**About this task**
In the copy, every record below must appear exactly as given, and no picture may appear.

__________

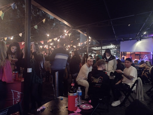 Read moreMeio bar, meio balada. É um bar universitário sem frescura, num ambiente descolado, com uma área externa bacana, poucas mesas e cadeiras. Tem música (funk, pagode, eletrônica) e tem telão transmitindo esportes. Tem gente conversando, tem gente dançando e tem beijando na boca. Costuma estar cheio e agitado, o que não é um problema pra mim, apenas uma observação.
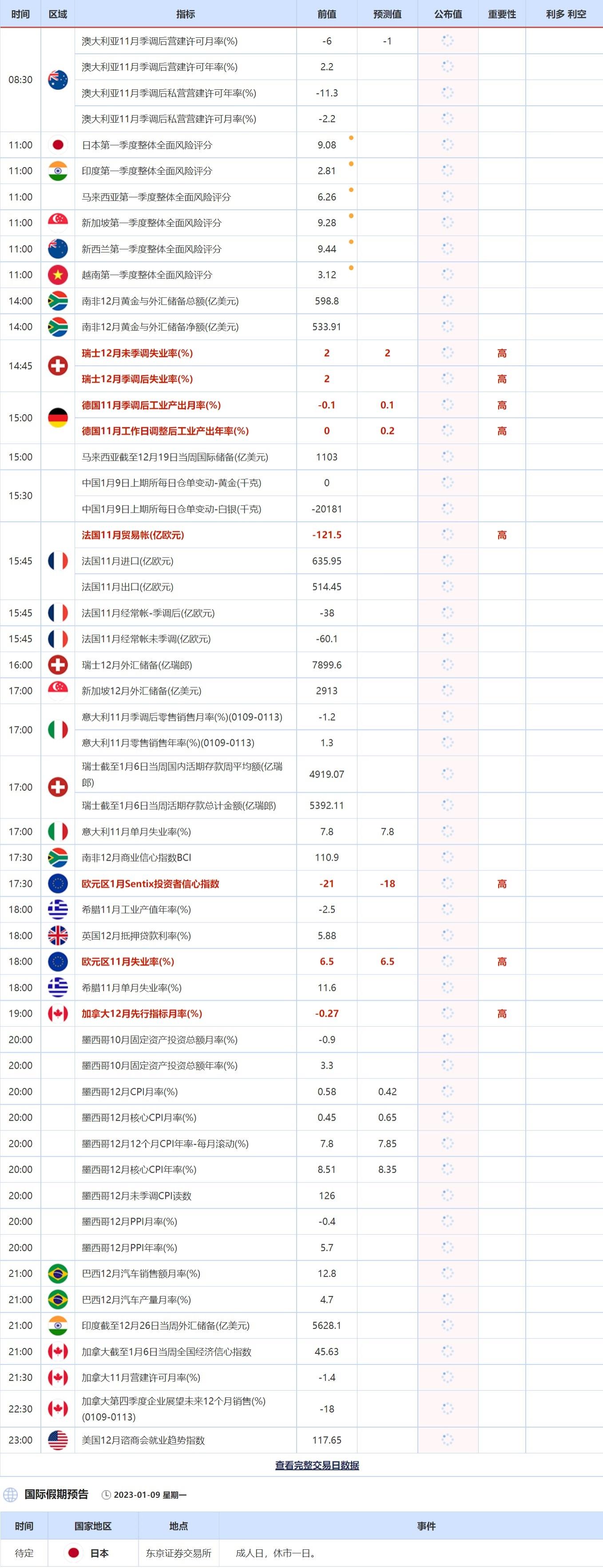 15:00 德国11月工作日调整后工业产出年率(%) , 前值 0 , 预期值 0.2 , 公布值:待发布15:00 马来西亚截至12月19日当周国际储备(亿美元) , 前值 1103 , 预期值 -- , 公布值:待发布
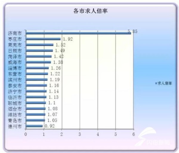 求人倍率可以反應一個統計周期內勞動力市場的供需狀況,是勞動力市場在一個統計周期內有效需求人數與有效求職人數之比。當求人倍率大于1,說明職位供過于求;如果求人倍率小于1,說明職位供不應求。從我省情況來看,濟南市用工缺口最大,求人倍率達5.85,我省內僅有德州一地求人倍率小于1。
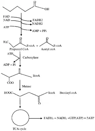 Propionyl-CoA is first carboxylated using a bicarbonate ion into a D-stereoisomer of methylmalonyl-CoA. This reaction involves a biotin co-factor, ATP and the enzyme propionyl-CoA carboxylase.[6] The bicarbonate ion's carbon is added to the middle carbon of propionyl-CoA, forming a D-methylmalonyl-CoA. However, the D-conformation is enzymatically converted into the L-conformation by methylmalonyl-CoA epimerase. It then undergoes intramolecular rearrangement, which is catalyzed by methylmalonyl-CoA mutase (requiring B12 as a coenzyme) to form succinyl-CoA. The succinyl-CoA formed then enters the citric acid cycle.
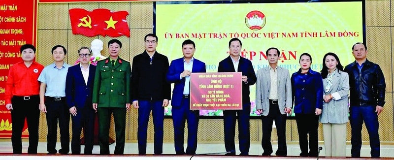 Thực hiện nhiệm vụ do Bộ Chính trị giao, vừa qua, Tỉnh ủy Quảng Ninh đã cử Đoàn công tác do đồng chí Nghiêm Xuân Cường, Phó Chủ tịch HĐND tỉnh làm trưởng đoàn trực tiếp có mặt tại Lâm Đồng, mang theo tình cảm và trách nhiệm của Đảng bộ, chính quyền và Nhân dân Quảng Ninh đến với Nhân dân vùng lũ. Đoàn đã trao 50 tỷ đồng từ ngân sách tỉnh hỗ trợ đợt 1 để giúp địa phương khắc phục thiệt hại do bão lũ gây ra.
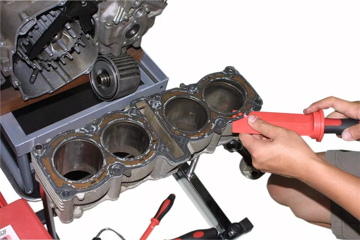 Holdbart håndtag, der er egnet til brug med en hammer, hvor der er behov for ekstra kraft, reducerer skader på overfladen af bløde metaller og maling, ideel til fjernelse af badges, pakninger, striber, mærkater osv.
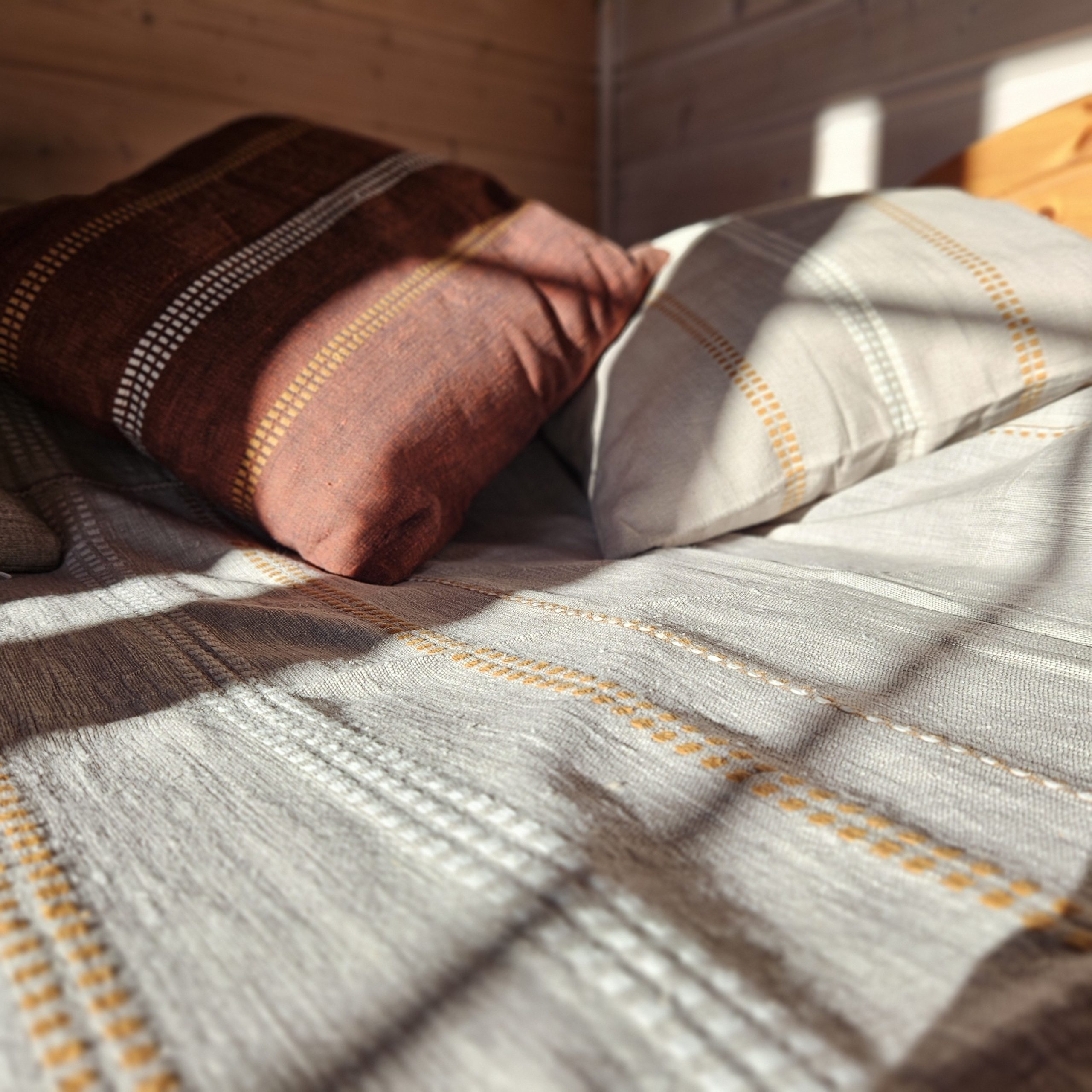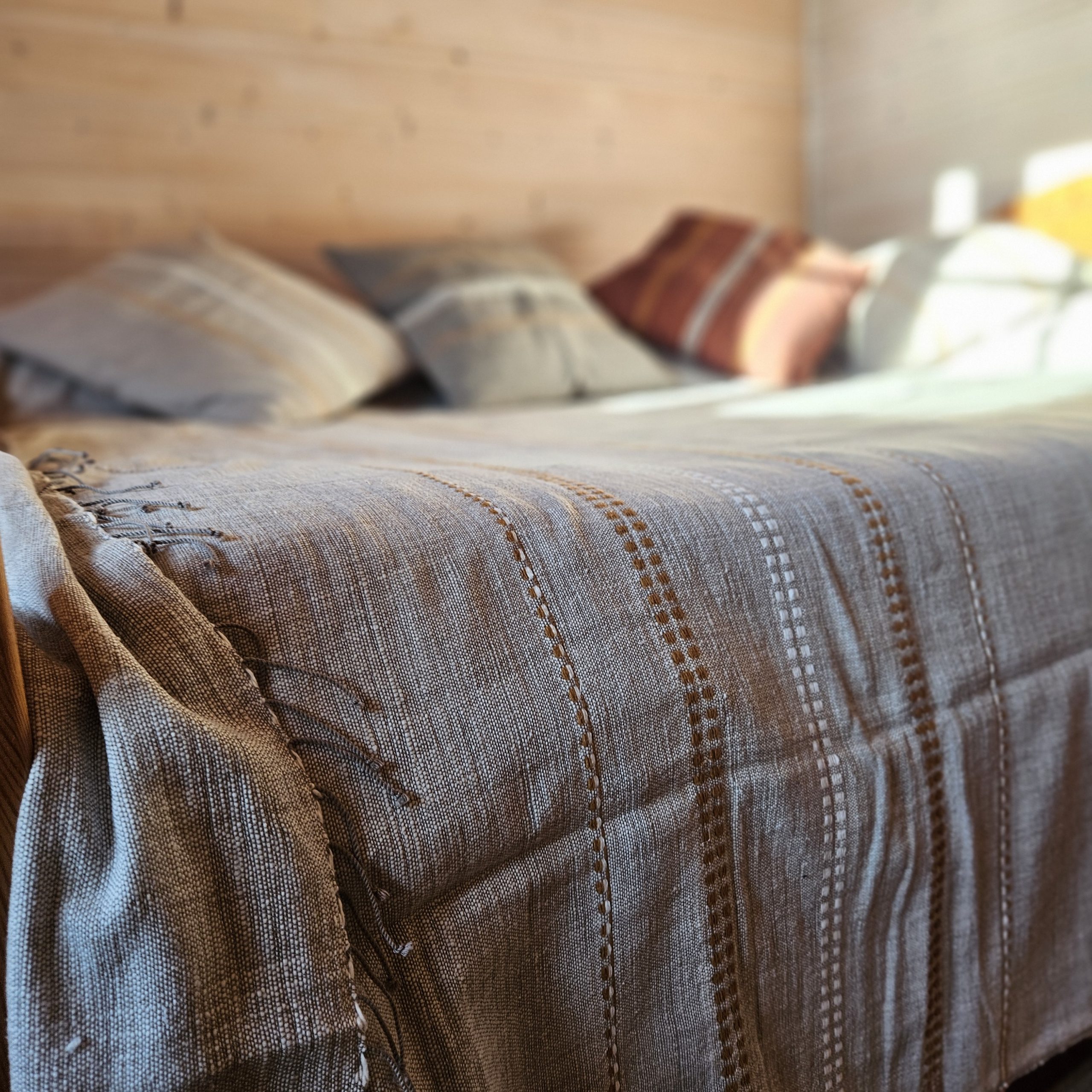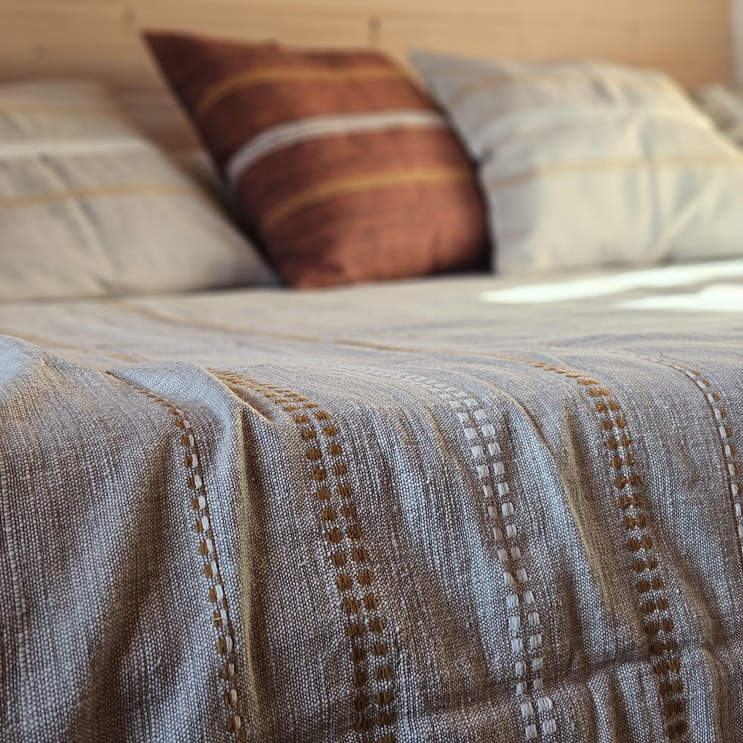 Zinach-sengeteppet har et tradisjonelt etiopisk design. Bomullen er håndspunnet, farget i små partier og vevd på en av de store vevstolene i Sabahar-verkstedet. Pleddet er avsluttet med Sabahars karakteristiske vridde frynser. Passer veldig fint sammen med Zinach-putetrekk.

__________

**Solution**
 Read moreMeio bar, meio balada. É um bar universitário sem frescura, num ambiente descolado, com uma área externa bacana, poucas mesas e cadeiras. Tem música (funk, pagode, eletrônica) e tem telão transmitindo esportes. Tem gente conversando, tem gente dançando e tem beijando na boca. Costuma estar cheio e agitado, o que não é um problema pra mim, apenas uma observação.
 15:00 德国11月工作日调整后工业产出年率(%) , 前值 0 , 预期值 0.2 , 公布值:待发布15:00 马来西亚截至12月19日当周国际储备(亿美元) , 前值 1103 , 预期值 -- , 公布值:待发布
 求人倍率可以反應一個統計周期內勞動力市場的供需狀況,是勞動力市場在一個統計周期內有效需求人數與有效求職人數之比。當求人倍率大于1,說明職位供過于求;如果求人倍率小于1,說明職位供不應求。從我省情況來看,濟南市用工缺口最大,求人倍率達5.85,我省內僅有德州一地求人倍率小于1。
 Propionyl-CoA is first carboxylated using a bicarbonate ion into a D-stereoisomer of methylmalonyl-CoA. This reaction involves a biotin co-factor, ATP and the enzyme propionyl-CoA carboxylase.[6] The bicarbonate ion's carbon is added to the middle carbon of propionyl-CoA, forming a D-methylmalonyl-CoA. However, the D-conformation is enzymatically converted into the L-conformation by methylmalonyl-CoA epimerase. It then undergoes intramolecular rearrangement, which is catalyzed by methylmalonyl-CoA mutase (requiring B12 as a coenzyme) to form succinyl-CoA. The succinyl-CoA formed then enters the citric acid cycle.
 Thực hiện nhiệm vụ do Bộ Chính trị giao, vừa qua, Tỉnh ủy Quảng Ninh đã cử Đoàn công tác do đồng chí Nghiêm Xuân Cường, Phó Chủ tịch HĐND tỉnh làm trưởng đoàn trực tiếp có mặt tại Lâm Đồng, mang theo tình cảm và trách nhiệm của Đảng bộ, chính quyền và Nhân dân Quảng Ninh đến với Nhân dân vùng lũ. Đoàn đã trao 50 tỷ đồng từ ngân sách tỉnh hỗ trợ đợt 1 để giúp địa phương khắc phục thiệt hại do bão lũ gây ra.
 Holdbart håndtag, der er egnet til brug med en hammer, hvor der er behov for ekstra kraft, reducerer skader på overfladen af bløde metaller og maling, ideel til fjernelse af badges, pakninger, striber, mærkater osv.
 Zinach-sengeteppet har et tradisjonelt etiopisk design. Bomullen er håndspunnet, farget i små partier og vevd på en av de store vevstolene i Sabahar-verkstedet. Pleddet er avsluttet med Sabahars karakteristiske vridde frynser. Passer veldig fint sammen med Zinach-putetrekk.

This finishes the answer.